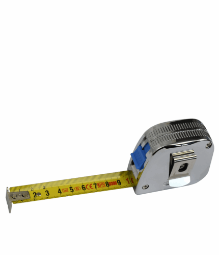 MIB Zseb mérőszalag, EC II., kettes pontossági osztály, lakkozott, acél, sárga, STOP funkcióval, klippel, krómozott házban, 5m / 19mm, 09092002
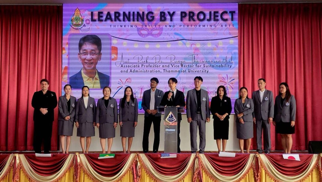เมื่อเวลา 09.00 น. วันที่ 19 ธันวาคม 2568 ที่ โดมอเนกประสงค์ โรงเรียนประถมศึกษาธรรมศาสตร์ (ป.ม.ธ.) สังกัด สำนักงานเขตพื้นที่การศึกษาประถมศึกษาปทุมธานี เขต 1 อ.คลองหลวง จ.ปทุมธานี ผศ. ดร.ปริญญา เทวานฤมิตรกุล ประธานคณะกรรมการสถานศึกษาขั้นพื้นฐานโรงเรียนประถมศึกษาธรรมศาสตร์ เป็นประธานเปิดงานแสดงผลงานนักเรียน Learning by project นักเรียนโครงการ English Program ในกิจกรรม WORLD FESTIVAL โดยมี นายทินกร คุ้มวงษ์ ผู้อำนวยการโรงเรียนประถมศึกษาธรรมศาสตร์ พร้อมด้วย คณะผู้บริหาร คณะกรรมการสถานศึกษาขั้นพื้นฐานโรงเรียนประถมศึกษาธรรมศาสตร์ คณะครู ผู้ปกครอง และ นักเรียน ให้การต้อนรับ
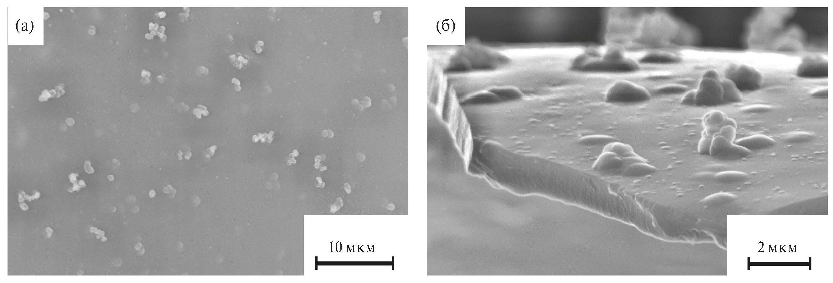 Добавки железа не оказывают заметного влияния на морфологию, толщину и адгезионные свойства бирнессита при его допировании. Пример поверхности и скола приведены на рис. 6. Поверхность осадка (рис. 6а) равномерная с отдельными глобулярными частицами коллоидного диоксида марганца, неизбежно возникающего в растворах осаждения. На сколе осадок однородный и равномерно плотный по толщине (рис. 6б), в отличие от допированных бирнесситов, получаемых химически [11, 13] и состоящих из пластинчатых кристаллов микронного и субмикронного размера. Различие в морфологии обусловлено структурно-фазовыми отличиями бирнесситов, получаемых различными способами.

» What to do:
Only these lines belong in the answer: the first line of the listing above through the line holding "เมื่อเวลา 09.00 น.", printed exactly and without pictures.

» Your solution:
 MIB Zseb mérőszalag, EC II., kettes pontossági osztály, lakkozott, acél, sárga, STOP funkcióval, klippel, krómozott házban, 5m / 19mm, 09092002
เมื่อเวลา 09.00 น. วันที่ 19 ธันวาคม 2568 ที่ โดมอเนกประสงค์ โรงเรียนประถมศึกษาธรรมศาสตร์ (ป.ม.ธ.) สังกัด สำนักงานเขตพื้นที่การศึกษาประถมศึกษาปทุมธานี เขต 1 อ.คลองหลวง จ.ปทุมธานี ผศ. ดร.ปริญญา เทวานฤมิตรกุล ประธานคณะกรรมการสถานศึกษาขั้นพื้นฐานโรงเรียนประถมศึกษาธรรมศาสตร์ เป็นประธานเปิดงานแสดงผลงานนักเรียน Learning by project นักเรียนโครงการ English Program ในกิจกรรม WORLD FESTIVAL โดยมี นายทินกร คุ้มวงษ์ ผู้อำนวยการโรงเรียนประถมศึกษาธรรมศาสตร์ พร้อมด้วย คณะผู้บริหาร คณะกรรมการสถานศึกษาขั้นพื้นฐานโรงเรียนประถมศึกษาธรรมศาสตร์ คณะครู ผู้ปกครอง และ นักเรียน ให้การต้อนรับ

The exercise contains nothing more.